Name: 192.168.8.174:9866 (datanode2.example.org)
Hostname: datanode2.example.org
Decommission Status : Normal
Configured Capacity: 21003583488 (19.56 GB)
DFS Used: 3345268736 (3.12 GB)
Non DFS Used: 2472132608 (2.30 GB)
DFS Remaining: 14095663104 (13.13 GB)
DFS Used%: 15.93%
DFS Remaining%: 67.11%
Configured Cache Capacity: 0 (0 B)
Cache Used: 0 (0 B)
Cache Remaining: 0 (0 B)
Cache Used%: 100.00%
Cache Remaining%: 0.00%
Xceivers: 1
Last contact: Sat Jul 17 21:51:38 UTC 2021
Last Block Report: Sat Jul 17 21:43:45 UTC 2021
Num of Blocks: 10736


Name: 192.168.8.175:9866 (datanode3.example.org)
Hostname: datanode3.example.org
Decommission Status : Normal
Configured Capacity: 21003583488 (19.56 GB)
DFS Used: 2923110400 (2.72 GB)
Non DFS Used: 2560073728 (2.38 GB)
DFS Remaining: 14429880320 (13.44 GB)
DFS Used%: 13.92%
DFS Remaining%: 68.70%
Configured Cache Capacity: 0 (0 B)
Cache Used: 0 (0 B)
Cache Remaining: 0 (0 B)
Cache Used%: 100.00%
Cache Remaining%: 0.00%
Xceivers: 1
Last contact: Sat Jul 17 21:51:39 UTC 2021
Last Block Report: Sat Jul 17 21:43:45 UTC 2021
Num of Blocks: 7598

Create a simplest possible hosts.json file on a namenode that will function as a whitelist.

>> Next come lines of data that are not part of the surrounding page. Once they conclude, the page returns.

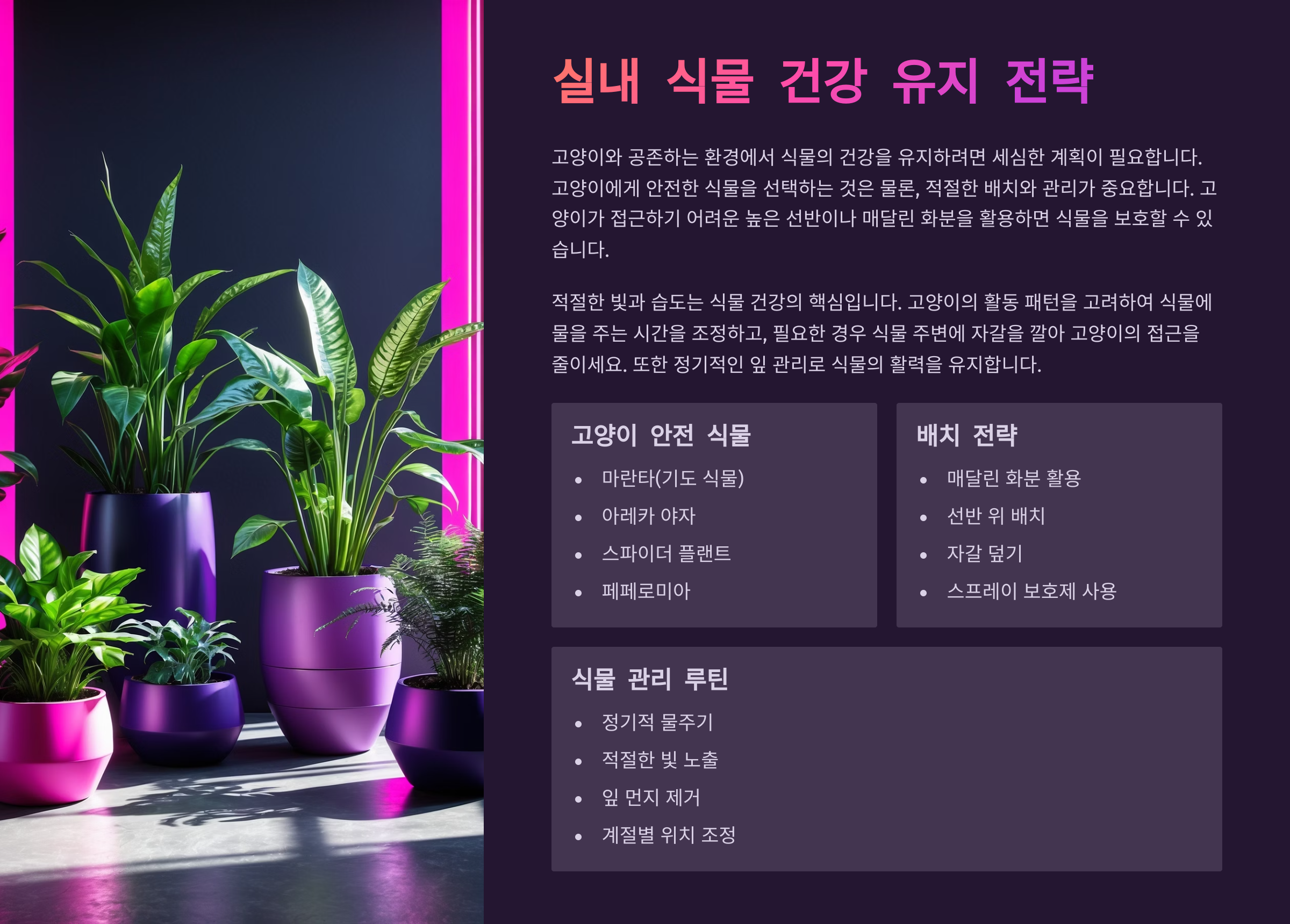 | 동선 분리 | 식물은 고양이 동선 밖에 배치 | 충돌 예방 |
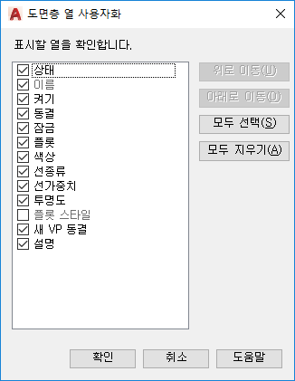 LAYER(명령) 찾기: 마우스 오른쪽 버튼으로 도면층 열 레이블 클릭 > 사용자화
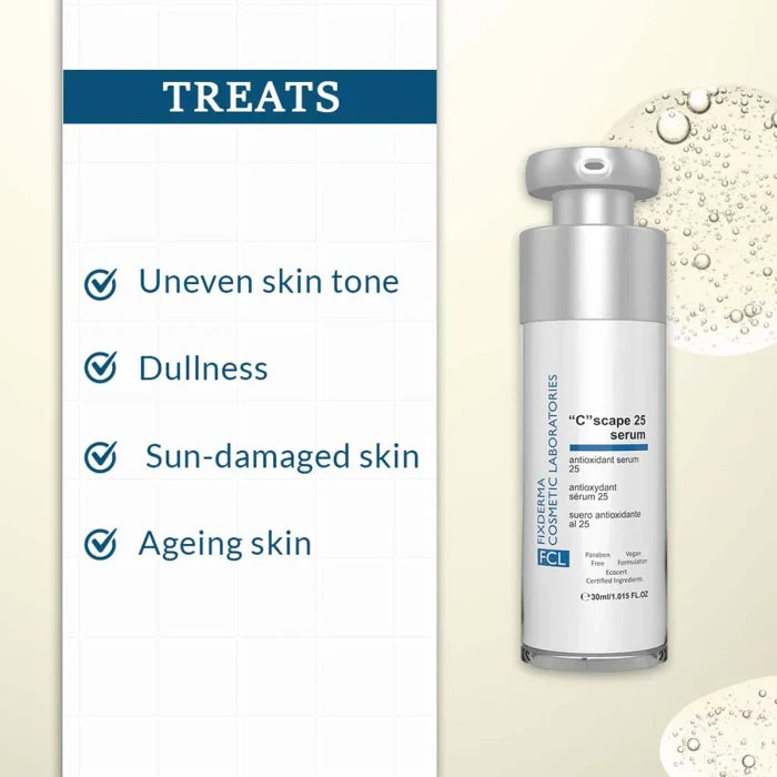 FCL C Scape 25 Serum is a high-potency skincare serum formulated with 25% pure Vitamin C to help brighten the skin and reduce the appearance of dark spots and uneven tone. Known for its antioxidant properties, Vitamin C supports skin protection against environmental stressors while promoting a smoother, more radiant complexion. The lightweight, fast-absorbing formula is suitable for all skin types, including sensitive skin. With regular use, the serum helps improve skin texture, firmness, and clarity. It is ideal for daily use as part of your morning skincare routine. FCL C Scape 25 Serum is dermatologically tested and free from parabens. This product is cosmetic in nature and not intended to treat or prevent any disease. For best results, use as directed by a dermatologist or skincare professional. Individual results may vary.

$ cat <<EOF | sudo -u hadoop tee /opt/hadoop/hadoop-3.2.2/etc/hadoop/hosts.json
[
  {
    "hostName": "datanode1.example.org"
  },
  {
    "hostName": "datanode2.example.org"
  },
  {
    "hostName": "datanode3.example.org"
  }
]
EOF

Define dfs.namenode.hosts.provider.classname and dfs.hosts options inside hdfs-site.xml on a namenode.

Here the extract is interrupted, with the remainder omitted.